= Giuseppe Giulietti (trade unionist) =

Italian politician

Giuseppe Giulietti (21 May 1879 in Rimini - 20 June 1953 in Rome) was an Italian sailor who became a leading trade union activist. He was one of the few figures ostensibly on the left wing of Italian politics to publicly support Benito Mussolini, declaring for the fascist leader in 1922.

==Life==
Giulietti became a seaman in 1905 and soon became a leading figure in their union Federazione Italiana dei Lavoratori del Mare (FILM), where he gained a reputation as a strong negotiator and was appointed union president in 1910. Having joined the Italian Socialist Party in 1903 he affiliated FILM to the party once appointed president.

He saw service with the Regia Marina during the First World War and during his service he became more nationalist in thought.

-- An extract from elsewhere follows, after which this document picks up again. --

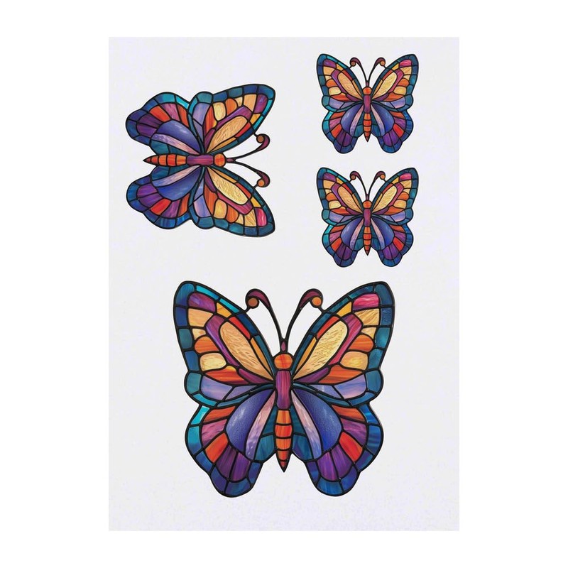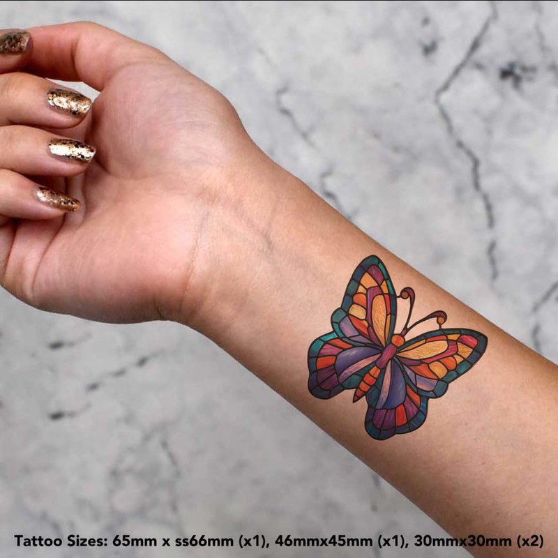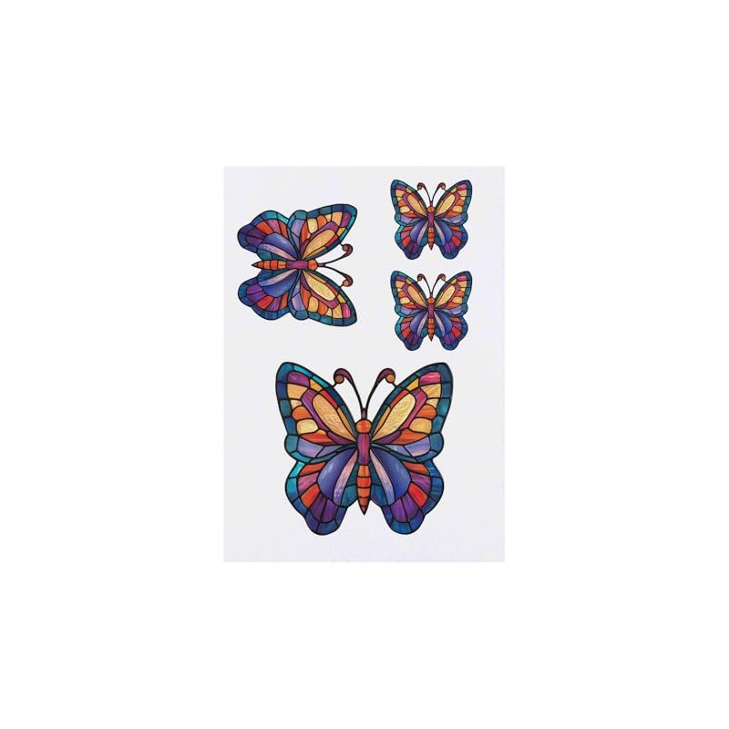 4 x 'Stained Glass Butterfly' Temporary Tattoos - Water Resistant, Skin-Safe, Non-Toxic Transfers, Mixed Sizes (TO00076324)

He soon took to using FILM funds to secretly fund Il Popolo d'Italia, the newspaper of Benito Mussolini (at the time still considered a Socialist Party dissident), and followed the rightwards shift of that group. He soon became a public supporter of Gabriele d'Annunzio and worked to aid his endeavours in the Free State of Fiume.
To this end he hijacked a ship, Persia, carrying weapons to the White Russians and diverted them to Fiume. Giulietti criticised other socialists for failing to take advantage of the opportunities offered by d'Annunzio, arguing that even if they did not support him they could have taken advantage of the chaos he created to launch their own revolution. Despite this, the two split in 1924 when d'Annunzio, under pressure from industrialist backers who feared Giulletti's socialist background, repudiated their alliance.

Despite his declared support for Mussolini, Giulietti found Fascist Italy a difficult prospect and throughout the early 1920s he maintained links to the left as well as the fascists. He was unpopular with the fascists in his home city of Genoa and in November 1926 they had him arrested and sent into 'exile' in Nuoro. During the remainder of the fascist period he continued to be active on behalf of the seamen, although he also garnered a reputation for corruption and misappropriation of funds during this period. He faced no charges after the Second World War despite his early involvement in fascism.

After the war Giulietti continued his activism with FILM and also entered formal politics, being elected to the Italian Chamber of Deputies for the Italian Republican Party in the 1948 election. In 1949 he became a member of the confederal executive of the Italian General Confederation of Labour, a position he held until death.